** Work instruction **
Please print exactly the lines from the line containing "Feel My Furby" through the end of the data, no more, and keep pictures out of the copy.

=== Data excerpt ===

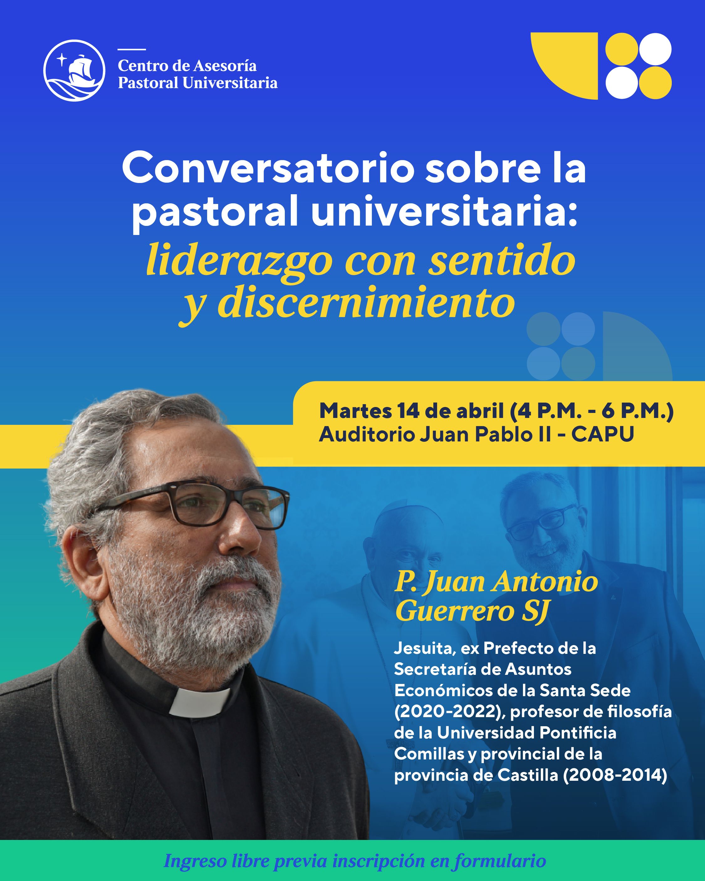 Te invitamos a ser parte de este conversatorio con el P. Juan Antonio Guerrero SJ, jesuita, ex Prefecto de la Secretaría de Asuntos Económicos de la Santa Sede (2020-2022), profesor de filosofía de la Universidad Pontificia Comillas y provincial de la provincia de Castilla (2008-2014).
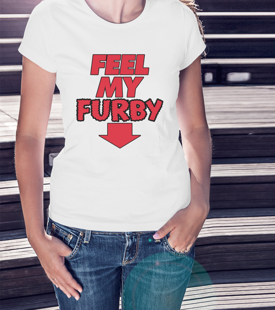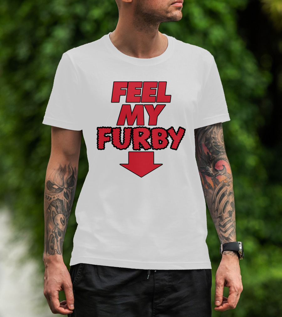 Feel My Furby Red Text With Downward Arrow T-Shirt
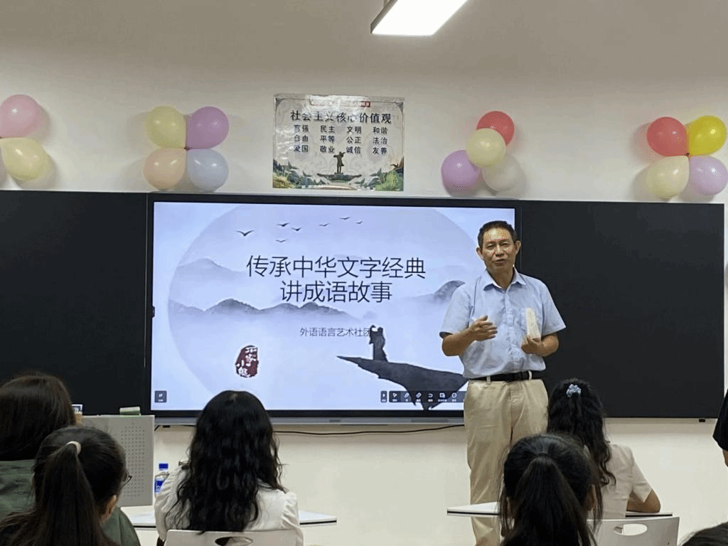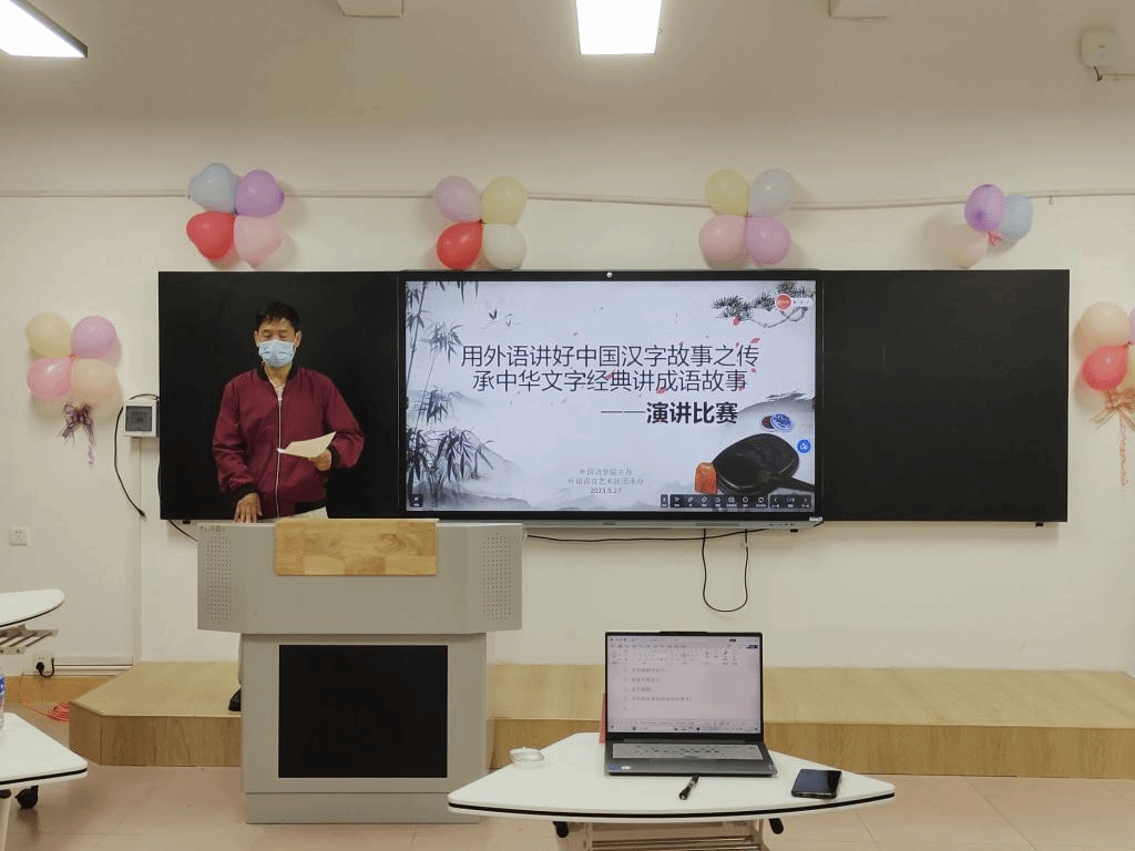 外国语学院于2023年9月27日19:00在二教举办了以“用外语讲好中国汉字故事之传承中华文字经典·讲成语故事”为主题的演讲比赛决赛。此次比赛分为英语专业组,非英语专业组及泰缅语组,英语、泰语和缅甸语等9名老师分别担任评委。

===

** Answer section **
 Feel My Furby Red Text With Downward Arrow T-Shirt
 外国语学院于2023年9月27日19:00在二教举办了以“用外语讲好中国汉字故事之传承中华文字经典·讲成语故事”为主题的演讲比赛决赛。此次比赛分为英语专业组,非英语专业组及泰缅语组,英语、泰语和缅甸语等9名老师分别担任评委。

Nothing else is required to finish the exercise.